Generating the synthetic tree from the TAG. In synthesis, the nodes of the TAG are visited in topological order. At each node, a decision is made about which child edges would be included as child branches of the node, if the node were to occur in the final synthesis tree. Because nodes are visited in topological order, when we visit some node x, decisions have already been made for each child of x (and each of their children, and so forth), which means that each child node of x is the root of a synthesis subtree defined by those edges that have been selected at all of its descendant nodes. In other words, the procedure to select child edges to include at a given node can be thought of as a procedure to select the subtrees that would be the children of x in the final synthesis tree. The decision regarding which edges (i.e., subtrees) to include uses the DGR criterion—that is, the selected subtrees are those that contain the most TAG edges corresponding to edges in highly weighted input trees. To avoid defining a network rather than a tree, no two subtrees may be included that contain any tips in common.

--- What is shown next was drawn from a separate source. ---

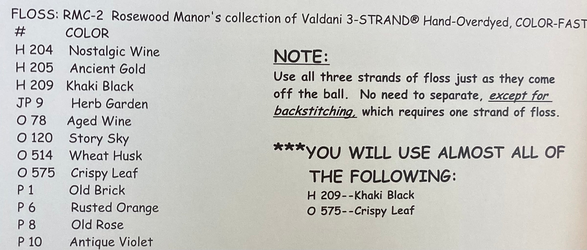 Stitch count: 170 x 270 on 28 count Valor Cashel linen by Picture This Plus

In this example, TAG edge colors identify source trees (corresponding to Fig. S5), and colored numbers identify the corresponding source tree edges. Each source tree edge corresponds to at least one edge in the TAG. At each node, a decision is made which edges would be included, which defines a set of unique input tree edges that would be represented in the synthesis subtree below the given node (shown in the list on the lower left). Any edges that are parallel to selected edges are also considered to be represented. The synthesis decision at the root (node 1) selects the edges leading to nodes 7 and 11 and rejects the edges leading to nodes 9 and 11 because edges 7 and 11 the representation of tree edges in the final synthesis tree. Note that input tree edges leading to tips (i.e., external edges) are considered represented if the tip itself occurs in the synthesis tree, regardless of whether the specific edge in question does or not.
Fig. 1.
Fig. 1.
Phylogenies representing the synthetic tree. The depicted tree is limited to lineages containing at least 500 descendants. (A) Colors represent proportion of lineages represented in NCBI databases. (B) Colors represent the amount of diversity measured by number of descendant tips. (C) Dark lineages have at least one representative in an input source tree.
Fig. 2.
Fig. 2.
The estimated total number of species, estimated number of named species in taxonomic databases, the number of OTUs with sequence data in GenBank, and the number of OTUs in the synthetic tree, for 10 major clades across the tree of life. Error bars (where present) represent the range of values across multiple sources. See Dataset S2 for the underlying data.
Fig. 3.
Fig. 3.
Conflict in the tree of life. Although the Open Tree of Life contains only one resolution at any given node, the underlying graph database contains conflict between trees and taxonomy (noting that these figures are conceptual, not a direct visualization of the graph). These two examples highlight ongoing conflict near the base of Eukaryota (A) and Metazoa (B). Images courtesy of PhyloPic (phylopic.org).
Fig. S7.
Fig. S7.
Conflict analysis. A supertree S with two internal nodes u and v, and three input trees T1, T2, and T3. The clade u is in conflict with T1, is supported by T2, and is irrelevant to T3. The clade v is irrelevant to T1 and T2, and is permitted by T3 because v is a resolution of the polytomy at the root in T3.